Set down, exactly as written, the lines from the line holding "Dr. Oren Moscovitz" to the end of the data, inclusive, skipping any pictures.
━━━━━ DATA SUPPLIED ━━━━━
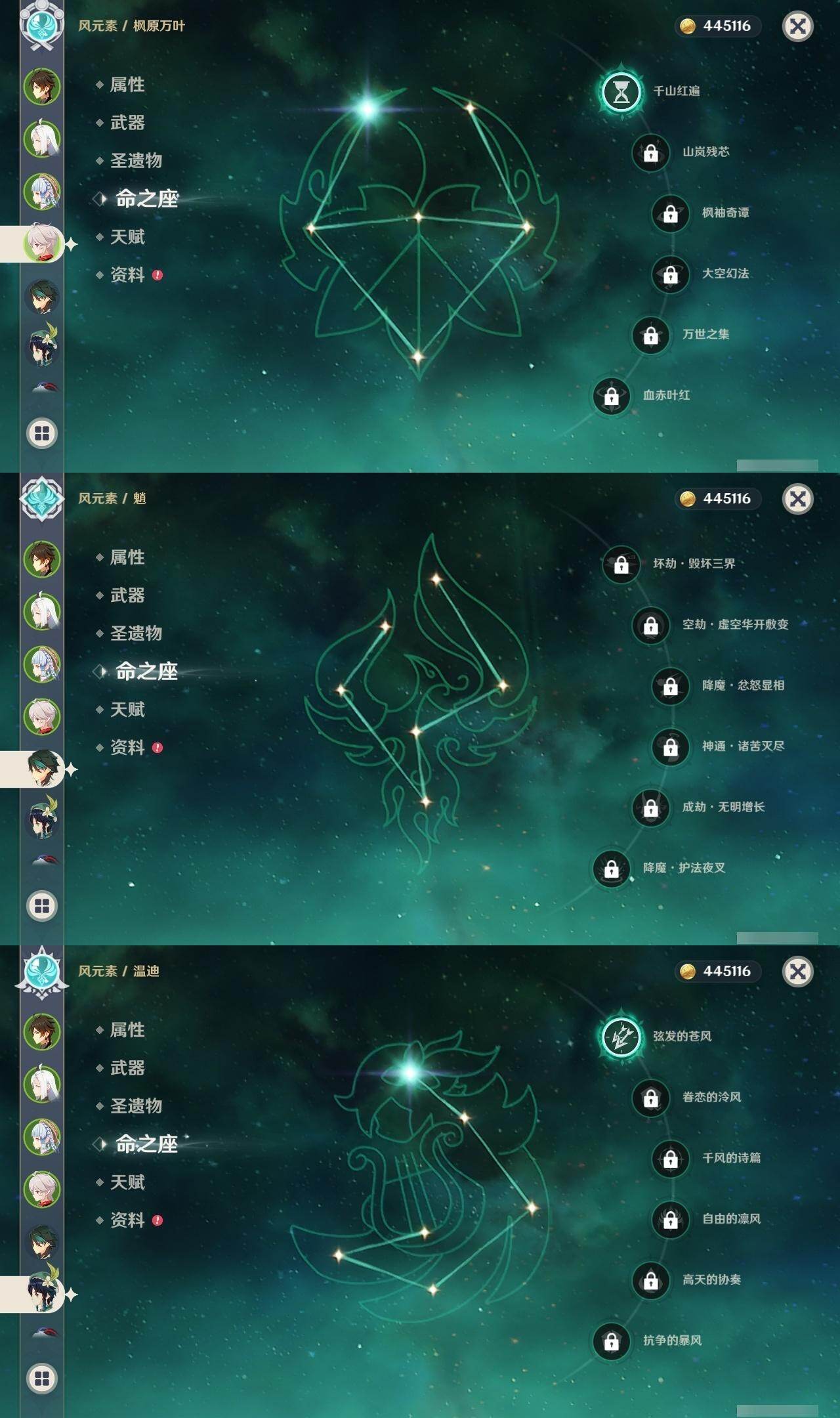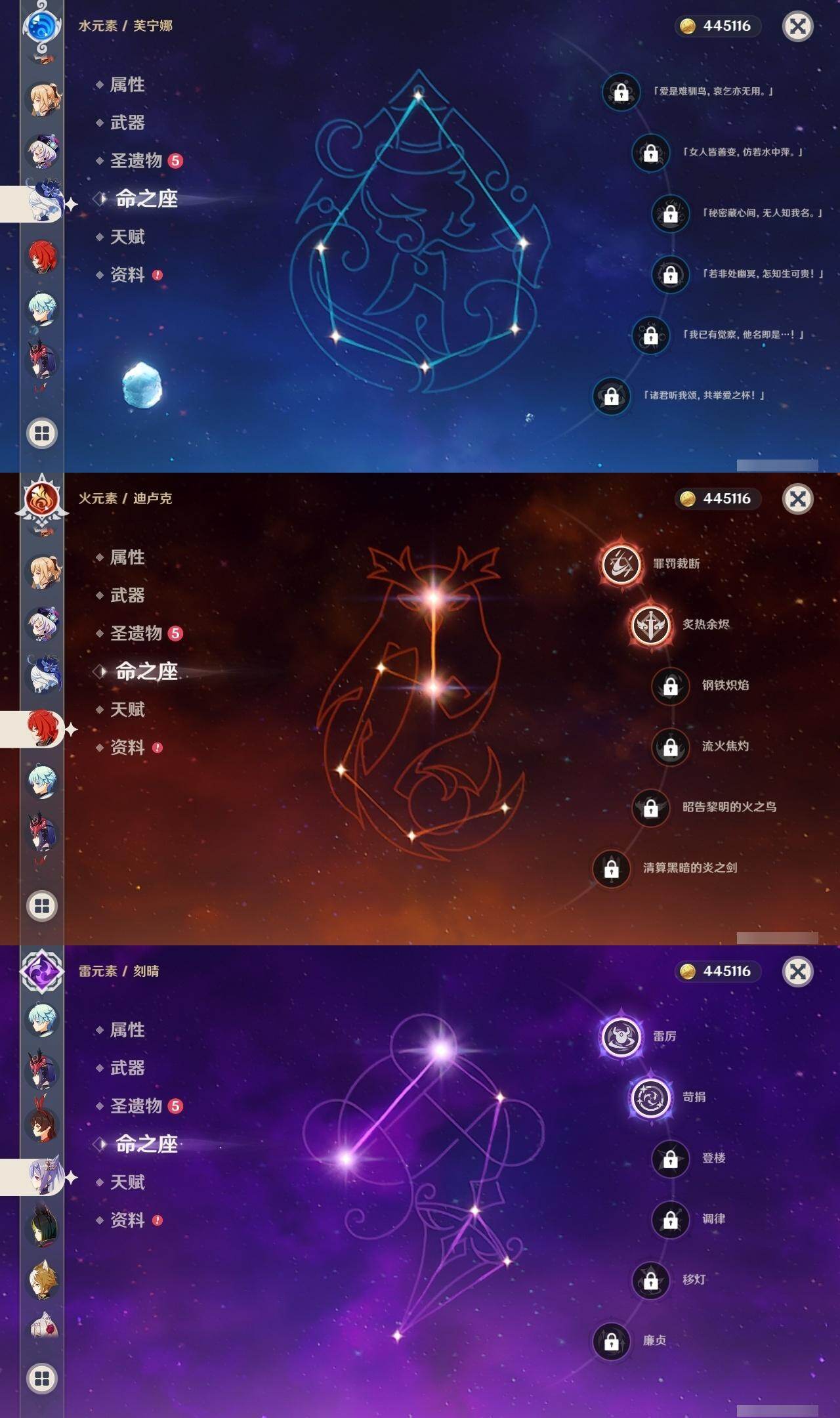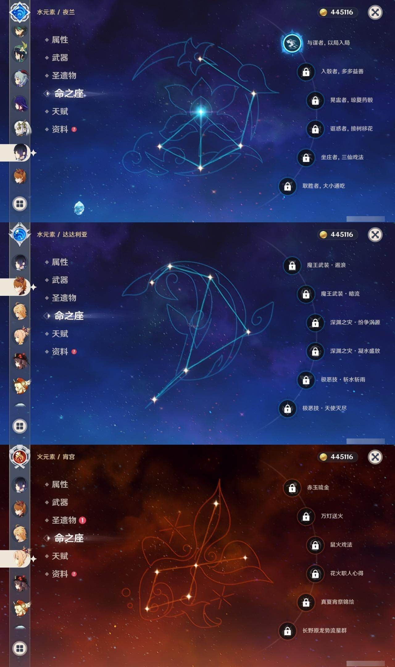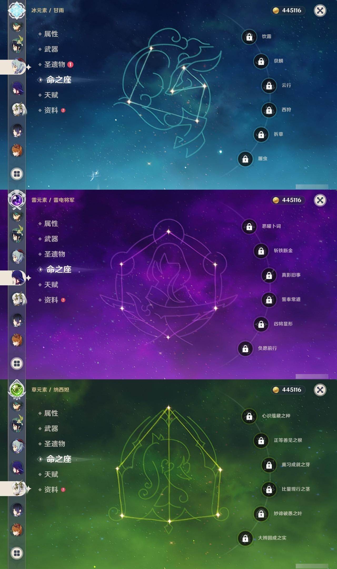 0命娜维娅,0命芙宁娜,0命流浪者,0命纳西妲,0命赛诺,2命提纳里,1命夜兰,0命八重神子,0命申鹤,0命雷电将军,1命枫原万叶,0命神里绫华,2命钟离,1命胡桃,0命甘雨,0命魈,0命宵宫,1命温迪,0命可莉,0命达达利亚,2命刻晴,2命七七,1命琴,1命莫娜,2命迪卢克,0命杜林,精1息灾,精1四风原典,精1和璞鸢,精1天空之脊,精1阿莫斯之弓,精1天空之卷
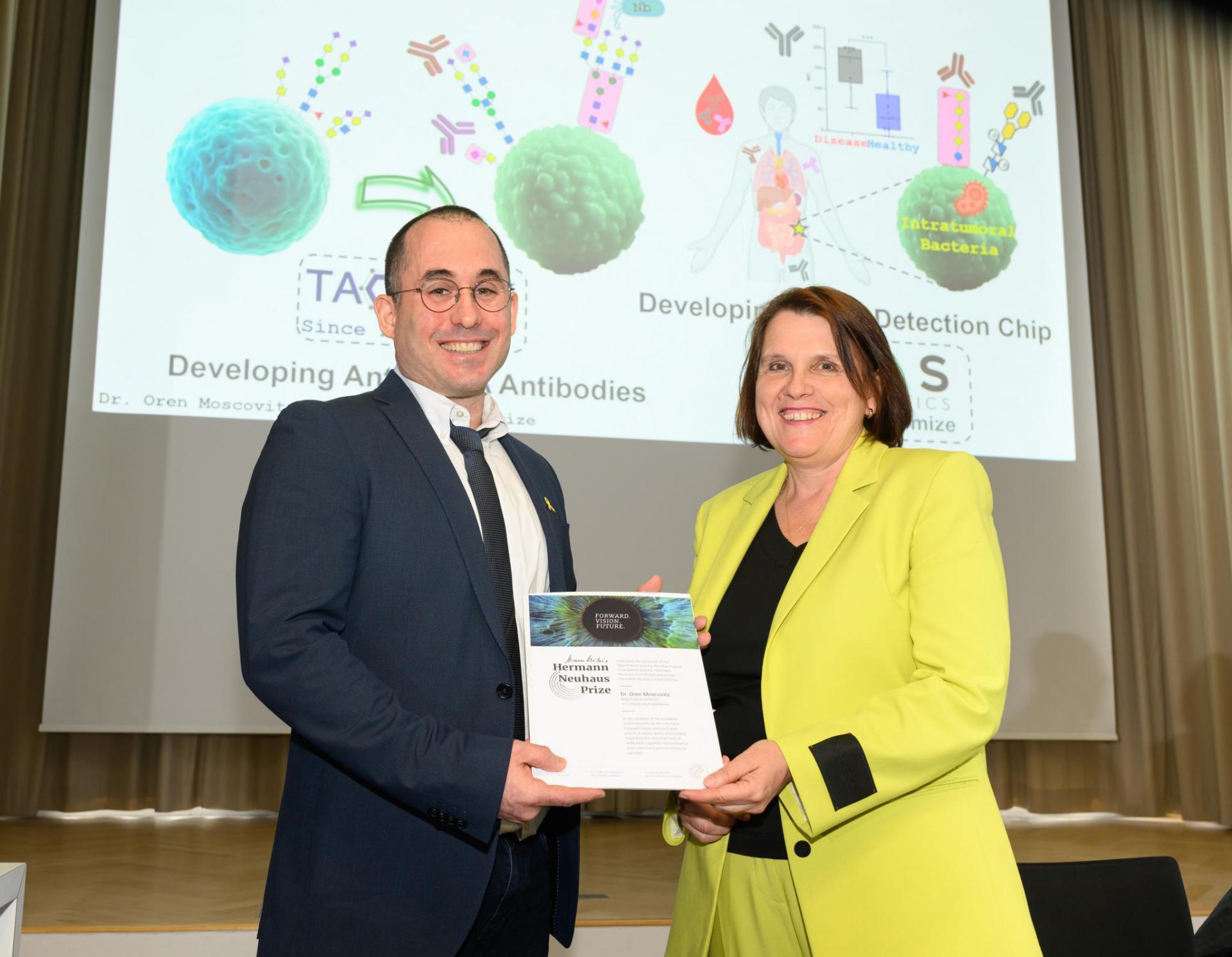 Dr. Oren Moscovitz wurde von der Max-Planck-Gesellschaft mit 25.000 Euro für seine vielversprechenden Forschungsergebnisse zur Behandlung und nicht-invasiven Diagnostik von Krebs ausgezeichnet, die künftig die Zahl der krebsbedingten Todesfälle senken könnten. Moscovitz und sein Team nutzen einzigartige Zuckermuster auf Krebszellen und entwickeln ultrakleine Antikörper (sogenannte Nanokörper) aus Alpakas, die spezifisch an diese Zucker binden. Zwei Start-ups arbeiten bereits daran, diese Erkenntnisse in die Praxis umzusetzen.
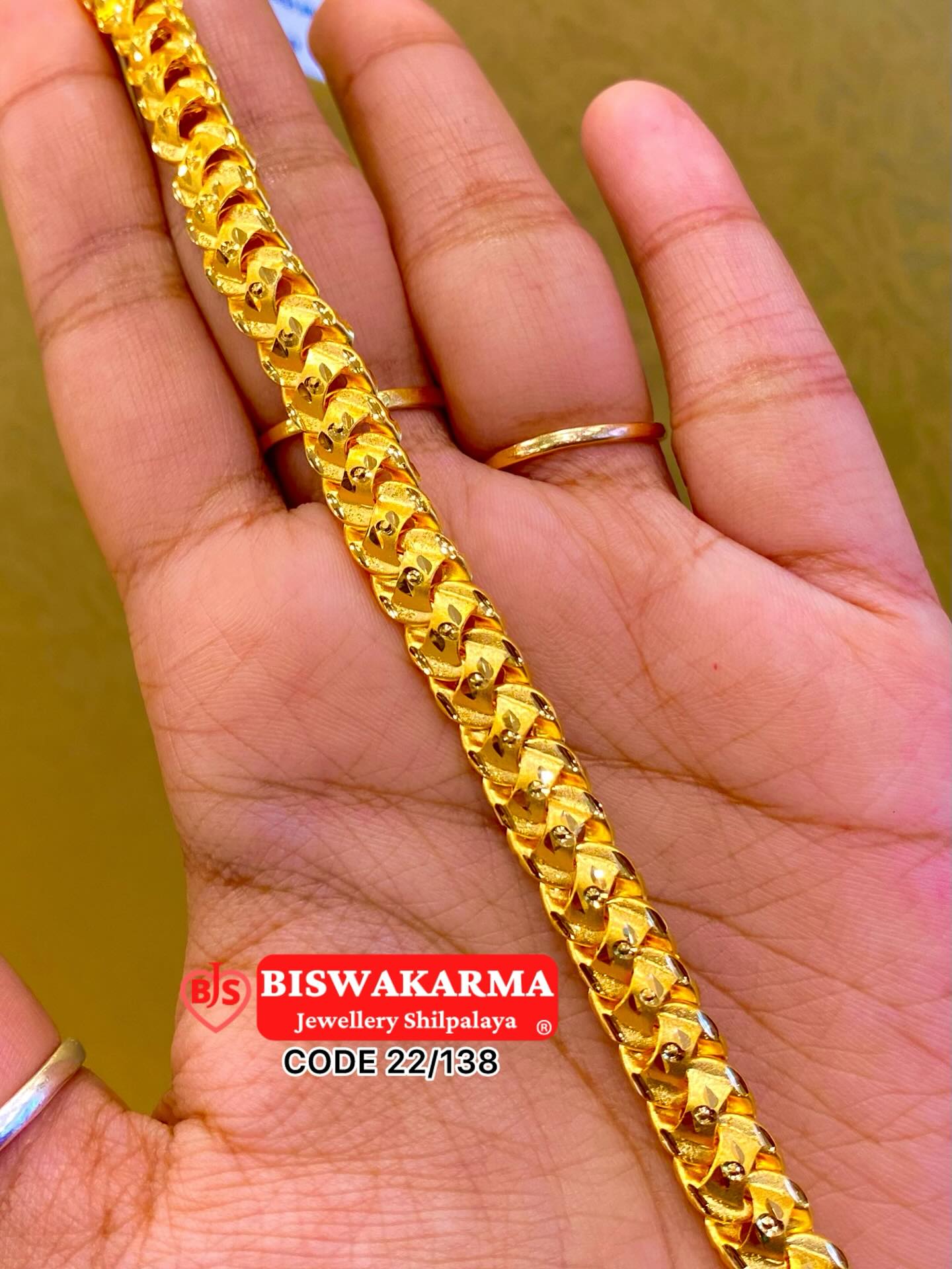 Crafted with thick interwoven links, this gents wristlet showcases bold elegance in pure gold, designed to make a confident and timeless statement.
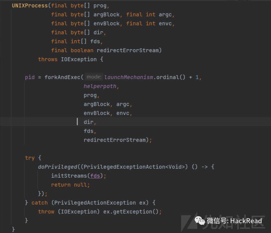 在UNIXProcess类的构造方法中,调用了forkAndExec这个native方法
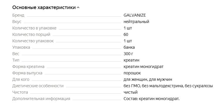 Характеристики товара
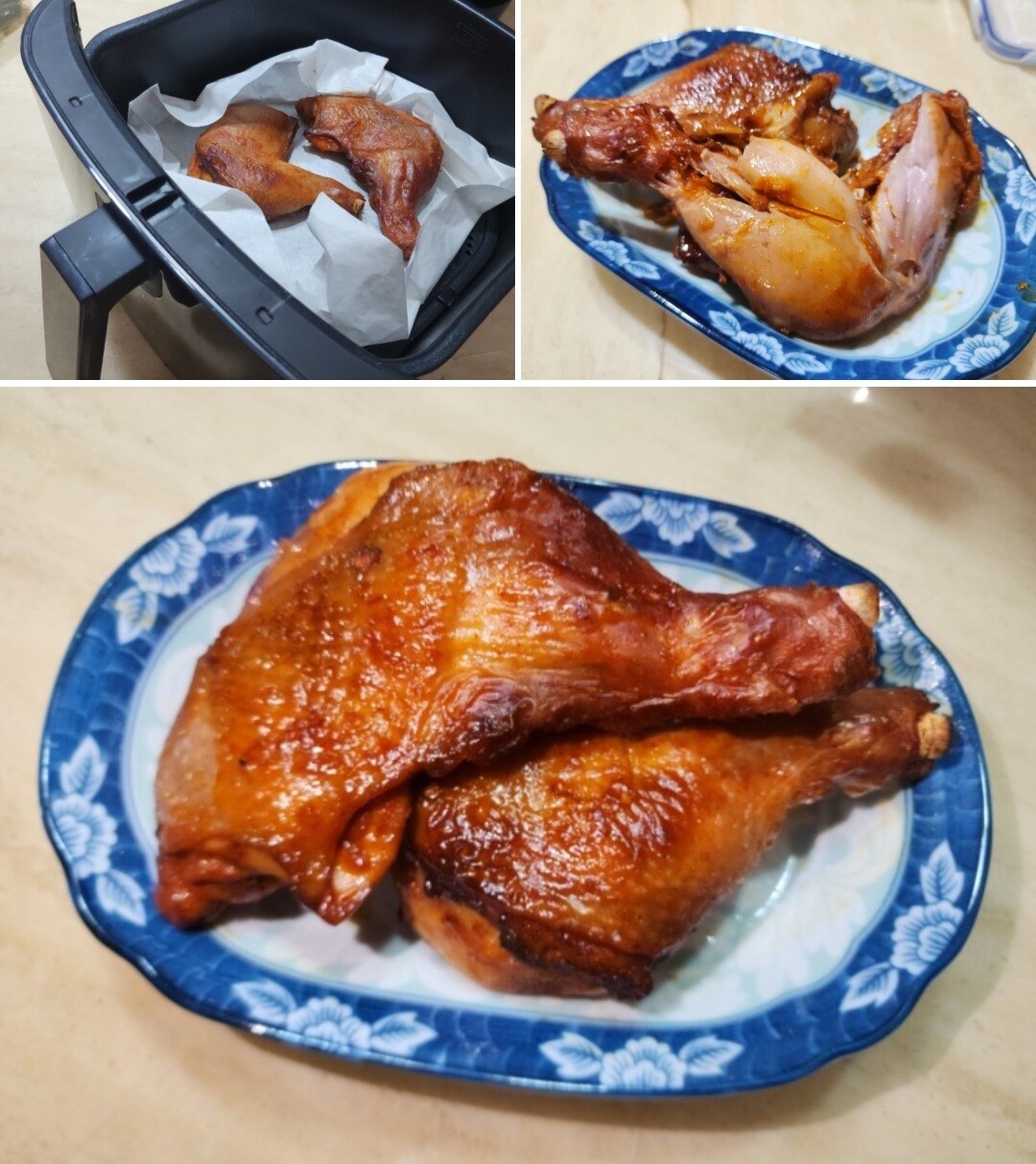 생닭 600g 한 마리를 원버튼 자동요리 기능을 이용하여 '윤기가득 로스트치킨' 버튼 47분이면 된다는데 꼭 다음에 해봐야겠다. 오늘은 시판되는 양념 BBQ용 닭다리 300g을 자동기능을 이용, 스팀5분-에어프라이어16분 후 꺼냈는데 바삭바삭한 껍질에 수분을 머금은 촉촉한 닭다리살로 먹음직스럽게 잘 구워졌다.
━━━━━
-- PROBLEM SOLUTION --
 Dr. Oren Moscovitz wurde von der Max-Planck-Gesellschaft mit 25.000 Euro für seine vielversprechenden Forschungsergebnisse zur Behandlung und nicht-invasiven Diagnostik von Krebs ausgezeichnet, die künftig die Zahl der krebsbedingten Todesfälle senken könnten. Moscovitz und sein Team nutzen einzigartige Zuckermuster auf Krebszellen und entwickeln ultrakleine Antikörper (sogenannte Nanokörper) aus Alpakas, die spezifisch an diese Zucker binden. Zwei Start-ups arbeiten bereits daran, diese Erkenntnisse in die Praxis umzusetzen.
 Crafted with thick interwoven links, this gents wristlet showcases bold elegance in pure gold, designed to make a confident and timeless statement.
 在UNIXProcess类的构造方法中,调用了forkAndExec这个native方法
 Характеристики товара
 생닭 600g 한 마리를 원버튼 자동요리 기능을 이용하여 '윤기가득 로스트치킨' 버튼 47분이면 된다는데 꼭 다음에 해봐야겠다. 오늘은 시판되는 양념 BBQ용 닭다리 300g을 자동기능을 이용, 스팀5분-에어프라이어16분 후 꺼냈는데 바삭바삭한 껍질에 수분을 머금은 촉촉한 닭다리살로 먹음직스럽게 잘 구워졌다.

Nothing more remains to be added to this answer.